Here in the United States, some resorts are adding wood chips to their slopes in summer or removing rocks so that they need less snow to make runs skiable come winter. More than 200 ski areas across the country have signed onto an NSAA initiative to reduce their environmental impact across 10 topic areas, including energy, supply chains and water. Some of the projects to emerge in recent years are “uber cool,” says Ms. Isaac, even if the return on the investment isn’t so robust.
Copper Mountain in Colorado, for instance, has volunteers collecting seeds from native wildflowers and grasses across the resort that they then use to restore disturbed areas. The plan could eventually include measuring the carbon this effort sequesters and packaging it as offsets. Alta, in Utah, has worked to restore wetlands and forests, while tree planting is a part of Powdr’s “Play Forever” commitment across its properties.
Aspen, meanwhile, spent about $5.34 million around 2012 retrofitting a nearby coal mine with a generator that creates about three megawatts of electricity using the mine’s methane gases that would otherwise be released into the atmosphere or burned uselessly in a flare. That power, which is sold back into the grid, is enough to power the resort annually.
Of course, little of this would do much to save a ski hill from a catastrophic wildfire, the rising threat of which has caused insurance premiums to triple in recent years for places like Mount Hood Meadows near Portland, Ore. That resort, along with Bogus Basin near Boise, Idaho, suffered near misses last season when fires started on their mountains. Both resorts had recently purchased new fire trucks and were able to attack the blazes right away.
“Our forests are much more dense than they were historically,” said Nadia Tase, a senior environmental scientist with the California Department of Forestry and Fire Protection. “One way to deal with it is to put more fire on the landscape, but we’re kind of now at this point where it is a challenge to do that safely at a large enough scale to make an impact.”
Oregon’s Mount Bachelor may have an answer.
The resort has completed the design on a wood-fired furnace facility near its West Village Base Area that would run off forest scraps created when workers thin a forest’s overgrown understory to prevent flames from climbing these “ladder fuels” into the tops of trees. The furnace is designed to burn chips made from this material to heat buildings, replacing about 150,000 gallons of propane the resort uses a year and reducing overall emissions by nearly a fifth.
Other ski areas like Bridger Bowl and Red Lodge in Montana, and Mount Abram in Maine, have similar projects underway.

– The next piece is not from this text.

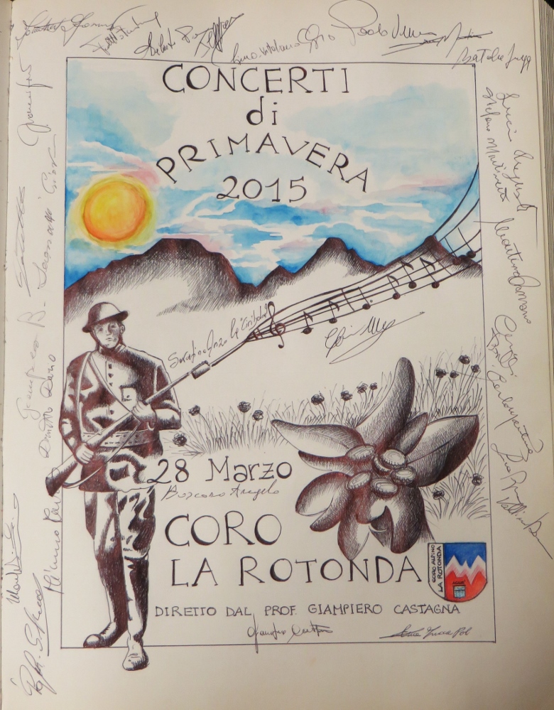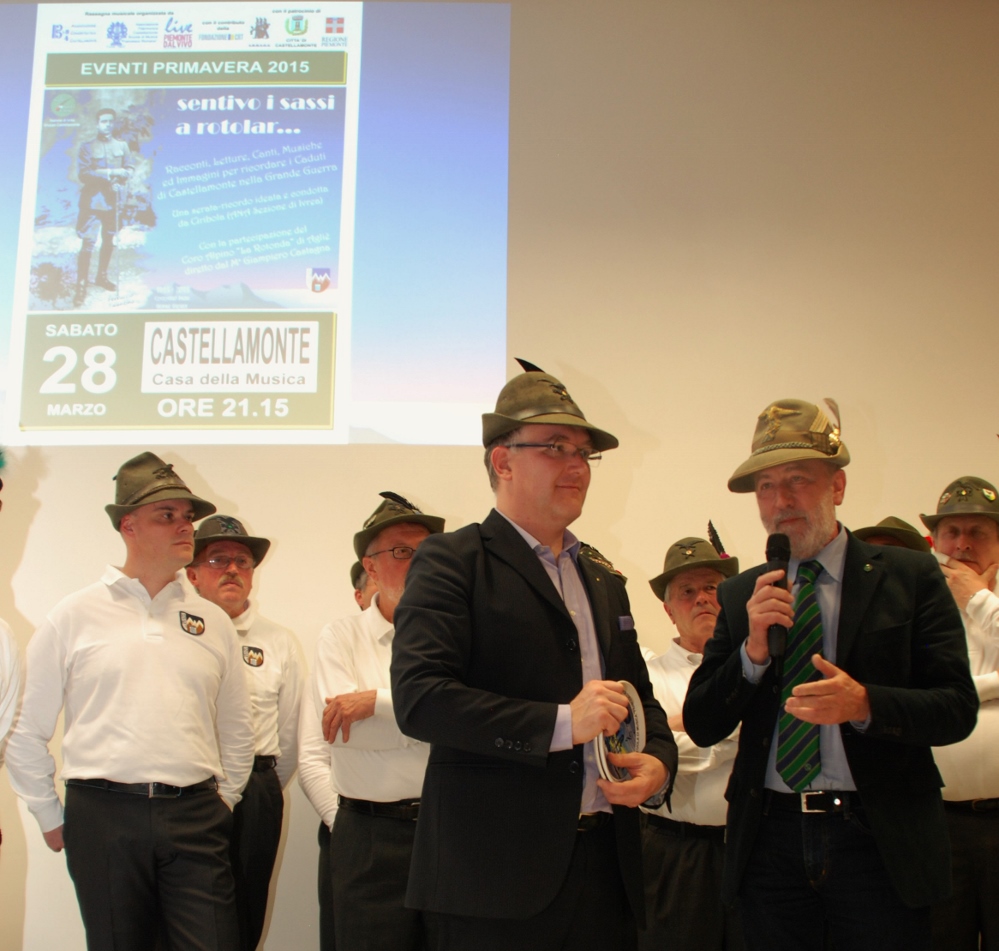 A Castellamonte è iniziata la stagione dei Concerti di Primavera 2015 organizzata dall'Associazione Concertistica Castellamonte in collaborazione con l'Associazione Filarmonica, la Fondazione Live Piemonte dal Vivo, con il patrocinio della Regione Piemonte, del Comune di Castellamonte, dell'ARBAGA Piemontese e con il prezioso contributo della Fondazione CRT. Sabato 28 marzo, all'interno della Sala dei Concerti "Michele Romana" si è esibito il Coro Alpino La Rotonda di Agliè diretto dal Maestro Giampiero Castagna. Il titolo della serata "Sentivo i sassi a rotolar..." ha introdotto il pubblico intervenuto in quello che è stato un susseguirsi di forti emozioni, di grande coinvolgimento. Non è stata solo musica, ma una partecipata commemorazione di tutti i caduti di Castellamonte che hanno perso la vita nel corso della Prima Guerra Mondiale. Si tratta di 141 soldati provenienti dal capoluogo e dalle frazioni andati avanti per il bene della nostra Nazione. In particolare lo storico dell'ANA Serafino Anzola, conosciuto dagli alpini come "Ciribola", ha accompagnato il pubblico con aneddoti e letture mozzafiato, intervallate dagli interventi del coro che ha proposto quelle melodie alpine, a tratti commoventi, a tratti sentimentali, che hanno raccontato alla perfezione il dramma vissuto cent'anni fa dai nostri soldati. Con la voce rotta dalla commozione Chantal Gaido e Maria Linda Battaglia hanno proposto alcune letture che hanno evidenziato i gesti eroici dei loro concittadini. Due momenti molto intensi sono stati proposti dall'alpino Enzo Zucco, promotore della serata, che ha eseguito al sax soprano e contralto due struggenti melodie con sullo sfondo i nomi e i volti di oltre quaranta Castellamontesi Caduti, giovani soldati tra i 20 e i 23 anni. Particolare attenzione è stata dedicata al sottotenente Ferruccio Talentino, insignito delle Medaglia d'Oro al Valor Militare per aver saputo guidare il suo plotone alla conquista del Monte Busa Alta dando la vita nell'assaltare a baionetta la trincea nemica. La sua Medaglia d'Oro brillava con orgoglio sul vessillo della Sezione ANA di Ivrea presente in sala a fianco del gagliardetto del gruppo di Castellamonte. Al termine della serata in sala il pubblico è rimasto con il fiato sospeso, commosso e coinvolto ed al presidente della Filarmonica Giacomo Spiller è spettato il compito non semplice di chiudere l'incontro con alcune riflessioni sull'importanza di ricordare e di portare questi ricordi ai giovani che oggi si trovano in una situazione di precaria libertà ed effimera pace. Ha portato il saluto dell'Amministrazione l'Assessore alla Cultura Nella Falletti ed è intervenuto il Presidente della Sezione ANA di Ivrea Marco Barmasse che ha fortemente sostenuto la realizzazione di questa serata. Il Coro ha salutato con Il Signore delle Cime, una preghiera che con estrema dolcezza sa arrivare al cuore della gente. Al termine della serata tutti i musici hanno apposto la loro firma sul Libro d'Oro della Filarmonica dipinto per l'occasione da Alice Zucca Pol e infine si sono rilassati con una ristoratrice parentesi gastronomica accompagnata ancora da qualche canzone alpina. Il bilancio della prima serata è stato assolutamente positivo sotto ogni punto di vista e l'organizzazione è già in moto per proporre il secondo appuntamento che vedrà come protagonisti i ragazzi della Orchestra a fiati giovanile In Crescendo che si esibirà nella Chiesa Parrocchiale sabato 11 aprile alle 21.15, come da tradizione ad ingresso completamente gratuito.

In the end, California’s Caldor Fire did breach the Tahoe basin, and about 10,000 acres burned, an area more than three times the size of the largest fire ever recorded in the basin, 2007’s Angora fire. Firefighters stopped it from reaching Heavenly and South Lake Tahoe, and Kirkwood Mountain Resort escaped mostly unscathed, too.
Sierra at Tahoe didn’t fare so well, though. While early season snowstorms allowed some resorts in the region to open before Thanksgiving, Sierra’s managers in early December were still wrestling with the fire’s damage that complicates how and when the resort might open.
Meanwhile, even projects like Bachelor’s can’t atone for what some see as the biggest climate sin. “A lot of people still have to get in planes or in cars if they want to ski,” said Todd Walton, executive director of the Winter Wildlands Alliance. “The carbon impact from all of that far outweighs how you spin the lifts.”